JEAN-RENÉ HISSARD
Peintures pour le Peuple
Vernissage le vendredi 5 avril de 18h à 21h30
// 05.04___18.05.2024
BAD PAINTING IS GOOD PAINTING
« Je me définirais par rapport à l’utilisation que je fais de l’art populaire. Si je l’utilise, c’est pour démonter, comme avec une arme de guerre, les pompes de l’art savant. Tout mon travail est en quelque sorte porteur de valeurs négatives, dans le sens des vanités du 17e siècle, dans un bric-à-brac visuel et fané qui symbolise la finitude des images. Mon propos dénonce la vanité de la peinture elle-même, en particulier de celle du 20e siècle (…). J’utilise la référence à l’art populaire de façon constante pour me moquer de la peinture moderne, de l’abstraction surtout qui est pour moi la peinture qui “cache son cul“, qui refuse la vérité du corps.
Je me définirais aussi comme un peintre de vanités.
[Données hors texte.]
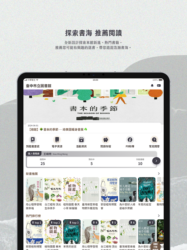 Une nouvelle version de l'application Taichung City Library est désormais disponible ! ※Pour maintenir la sécurité de vos informations, nous vous recommandons de mettre à jour le système d'exploitation de votre téléphone vers la dernière version.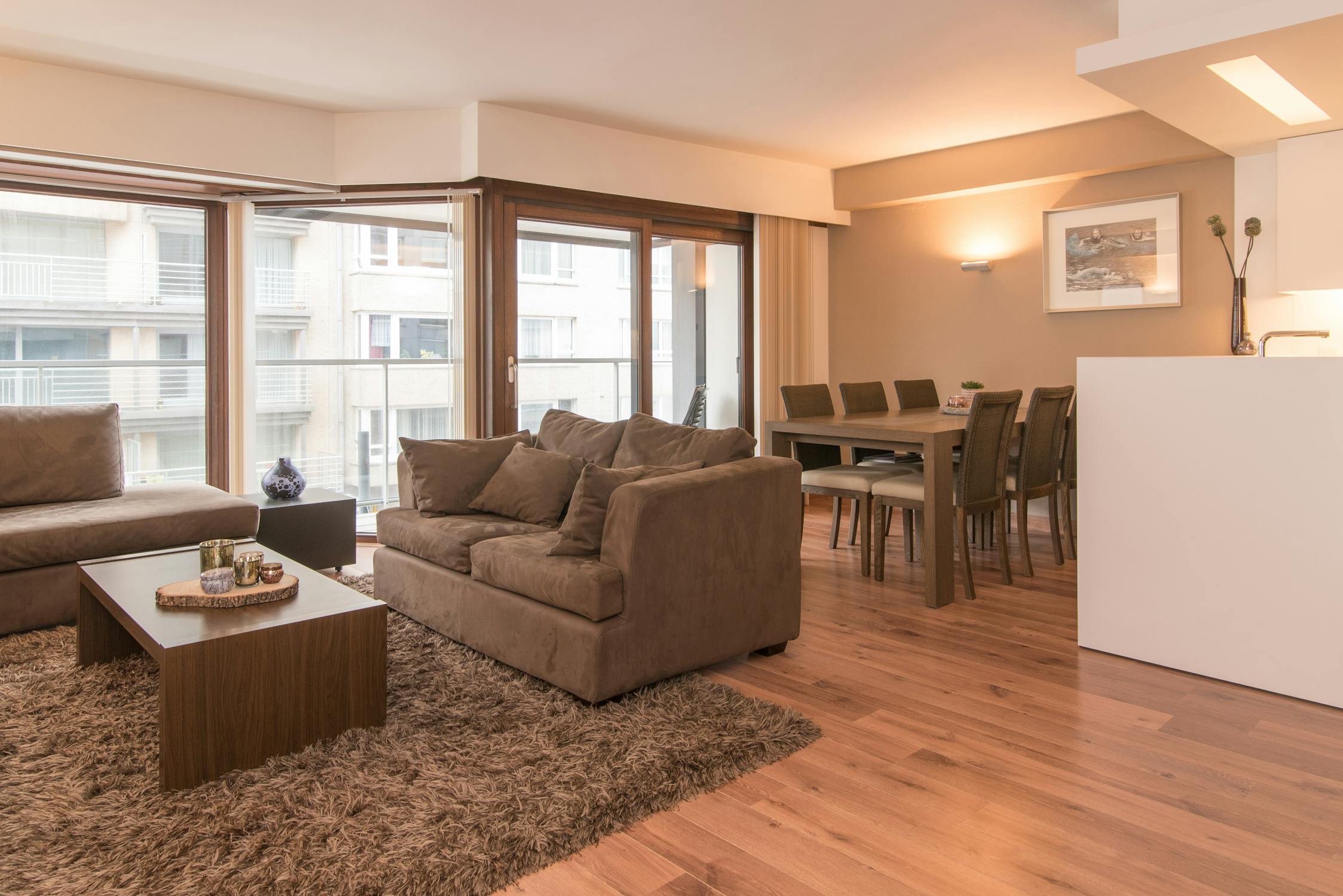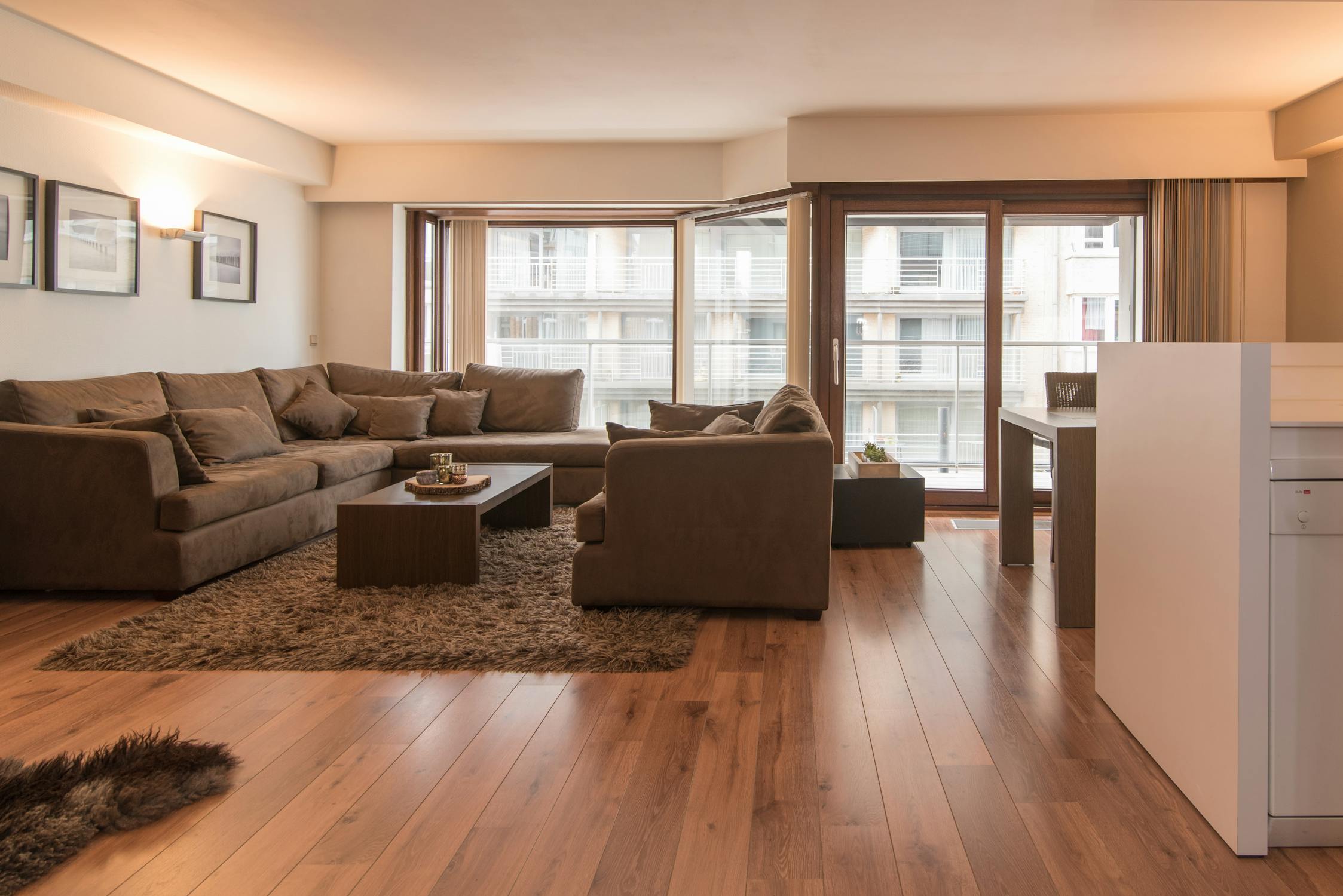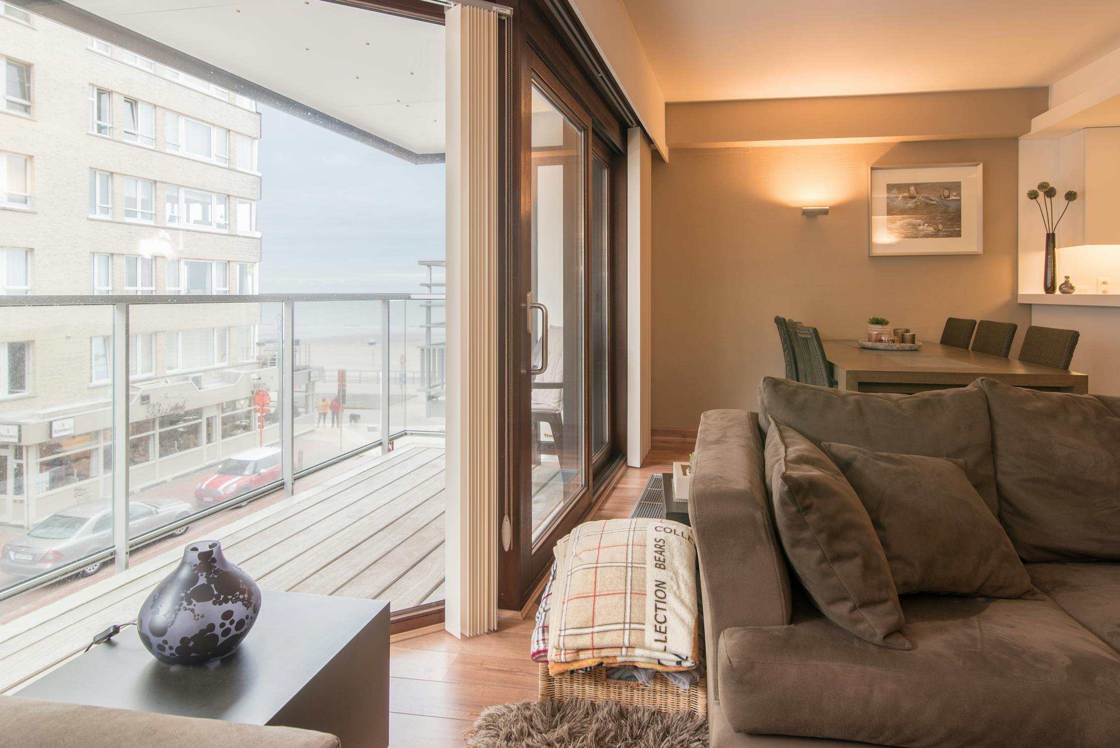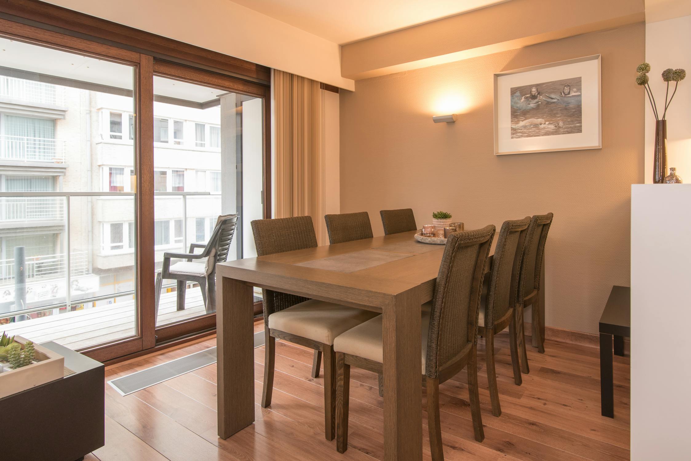 Woonappartement met zonnig terras en zijdelings zeezicht.

Toutes les toiles que je fais sont des vanités. D’une façon générale, la vanité est intimement liée à la peinture elle-même. Dans une certaine mesure, la peinture est vanité. La peinture est illusion ; c’est un artifice par lequel on dévoile une vérité (…). Donc, ce qui m’intéresse dans la vanité par rapport à la peinture, c’est le démontage de la notion de beauté. C’est-à-dire que la vérité dévoilée par la peinture, c’est l’horreur qu’il y a derrière la beauté. L’effroi, l’horreur, ou ce qu’il y a juste à côté : la notion d’envers du décor, ce qu’il y a sous les apparences.
(…) La peinture, l’art sont des choses risibles. Quand je fais référence à la « grande peinture », je fais des grands formats car, pour moi, qui dit « grande peinture » dit grands formats. Mais je fais cela pour rire, parce que je n’y crois pas ; je n’y crois plus. Là, il y a véritablement une « chute », cette fois presque au sens chrétien, une dérision fondamentale de l’activité elle-même… Être peintre aujourd’hui, c’est la vanité suprême. Être peintre aujourd’hui, c’est humilier la peinture. Les peintres qui m’intéressent sont ceux qui maltraitent la peinture dans son corps. »
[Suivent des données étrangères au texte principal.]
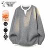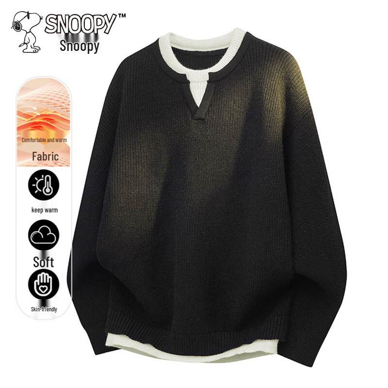 SNOOPY Men's casual loose-fit mock two-piece round neck sweater, perfect for versatile wear in spring and autumn. Made from a comfortable blend of acrylic, polyester, and nylon, this pullover is suitable for youth and middle-aged men.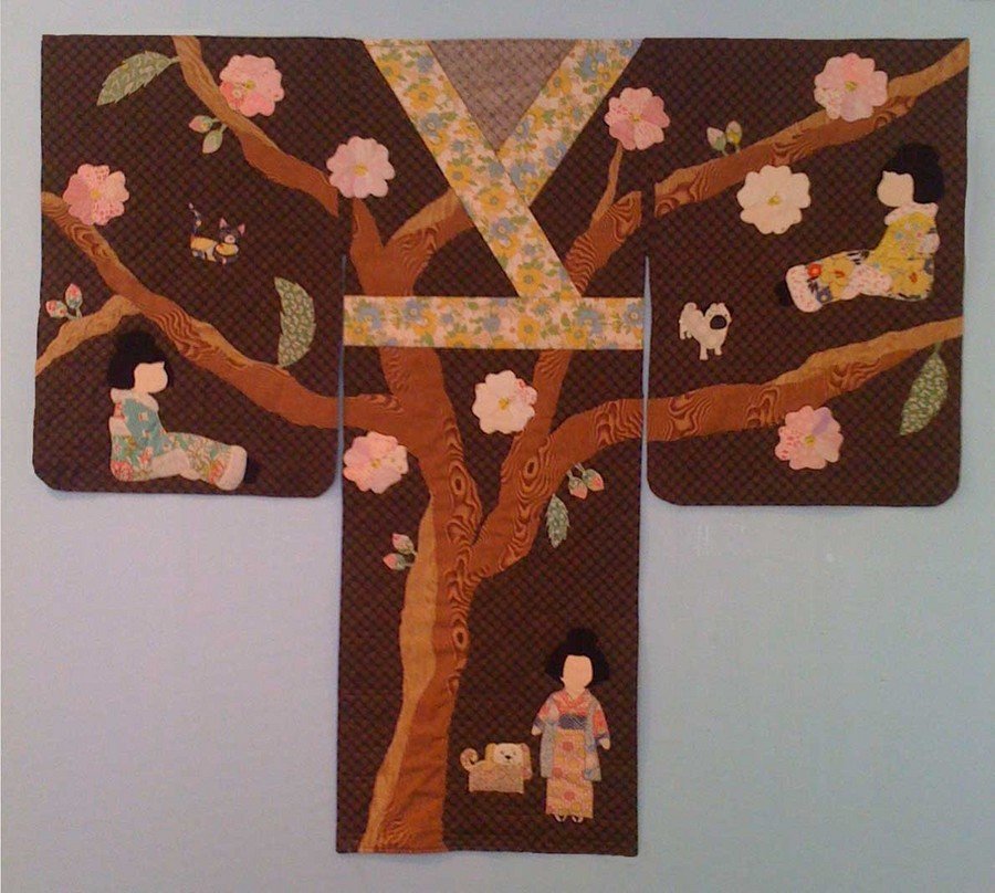 bethbmcginn Kimono Su - This wall hanging or table runner is a charming use of 1930’s fabrics combined with replicas of 1930’s Japanese dolls and their pets placed under a large cherry tree. This scrappy machine appliqué quilt was designed as a quilt guild challenge of four appliqué blocks based on the idea of a Sunbonnet Sue.

Jean-René Hissard. Extraits de “Dialogue sur la vanité“ entre André Fougeron et Jean-René Hissard dans Le Journal des Expositions N°18 – Septembre 1994.
Pour Jean-René Hissard
Fabrice Hergott // Directeur du Musée d’Art Moderne de Paris
Hélion rapporte que Mondrian, quand il était question de l’œuvre d’un artiste, disait, à l’opposé des positions intransigeantes qu’il prenait en public, que l’art est toujours bien. Jean-René Hissard, quoi qu’il fasse, est toujours bien. Toujours ce refus de cette sotte assurance de croire que n’existerait que le bien peint, les grandes idées, les valeurs incontestables et un art qui serait dans les hauteurs. Devant les tableaux, il est bon de ne pas oublier que si l’on veut vraiment respecter l’art, ce ne peut être qu’en le démolissant, qu’en défaisant avec lui ce qu’il contient de certitudes et d’arrogance.
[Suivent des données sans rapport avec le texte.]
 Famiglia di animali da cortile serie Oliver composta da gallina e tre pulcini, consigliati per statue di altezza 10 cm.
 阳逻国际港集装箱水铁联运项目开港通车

Artiste de l’anti-art, c’est-à-dire de l’art de demain, Jean-René Hissard nous signale tout ce que l’on ne veut pas savoir. Le grand art n’existe pas, les chromos sont des vérités, les riches haïssent pauvres, les êtres et les choses se tiennent sur la tête, l’humain est antihumain. Il y a vingt ans, je trouvais qu’il allait sans doute un peu loin, mais je comprenais et admirais ce qu’il pouvait y avoir de protestation dans son œuvre : une sorte de dadaïsme existentiel qui l’amenait à détruire joyeusement l’art de son temps comme si le monde n’était qu’un gigantesque Guignol’s band. Un Céline redoublé du Kokoschka nauséeux antifasciste des années quarante. Aujourd’hui, il me semble presque évident que sa peinture est l’une des plus objectives qui existe tous pays confondus. Il peint les choses et les êtres comme ils sont, montre le serpent dans l’œuf et déjà hors de l’œuf.
Habité par l’élégance de ne pas mentir, il peint pour ce qu’il appelle « le peuple », c’est-à-dire les pauvres qui aujourd’hui sont tout et pour lesquels tout est mensonge. C’est bien sûr immensément courageux même si Jean-René Hissard ne peut pas faire autrement. Mais cette fatalité ne fait qu’ajouter de la force à sa force, rendre encore plus évident que chez lui tout est bien.